30-Year-Old With $110K Student Debt Wanted PSLF; Balance Keeps Growing

  • Kjerstin Line, 30, has more than $110,000 in student debt from her undergraduate and graduate programs.
  • Lane’s career in the nonprofit sector would, in theory, pave the way for forgiveness.
  • But the interest means he’s barely paid off, and Biden’s apology is just a drop in the bucket.

Like millions of student loan borrowers, Kjerstin Line is making loans easier.

For Lane, 30, who has more than $110,000 in student debt, the $20,000 in forgiveness he’s set to receive from President Joe Biden’s plan is just a drop in the bucket. As a first-generation college student whose debt shaped the trajectory of her career, she fears her balance will climb even higher once pandemic-era payments stop and interest starts to accumulate again.

“I never miss a payment, always on time, but my balance never goes down,” Lane told Insider. “I don’t understand how people can’t see that there’s something in this picture.”

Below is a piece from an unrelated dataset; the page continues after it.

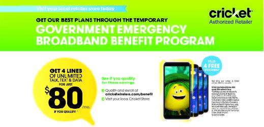 A:今天要和大家分享的重點就是近段時間風頭火勢的EBB(緊急寬帶福利)!聯邦政府在今年5月撥了2億美元給通訊公司,目的是在新冠疫情期間幫助符合資格的低收入家庭減免電話寬帶費用。而Cricket捷風傳訊積極響應聯邦政府的號召,從現在開始,無論你從哪家公司帶號轉台到捷風傳訊,抑或直接在捷風傳訊開新號碼,只要你符合資格,四條線只需要$80一個月,就可以享受到Cricket最新最高速的無限流量5G套餐,絕對是同行之中最低價,快點致電833-789-5678來咨詢吧!

Despite working through college and taking steps to cut costs, Lane graduated in 2014 with $98,000 in debt from her undergraduate and graduate studies. In the eight years since then, despite constant payments, compounding interest, his balance has reached today.

Lane chose her communications job for an education-advocacy nonprofit because it suited her skills and it set her up for Public Service Loan Forgiveness, which forgives student debt for public and nonprofit employees after 10 years of qualifying payments. .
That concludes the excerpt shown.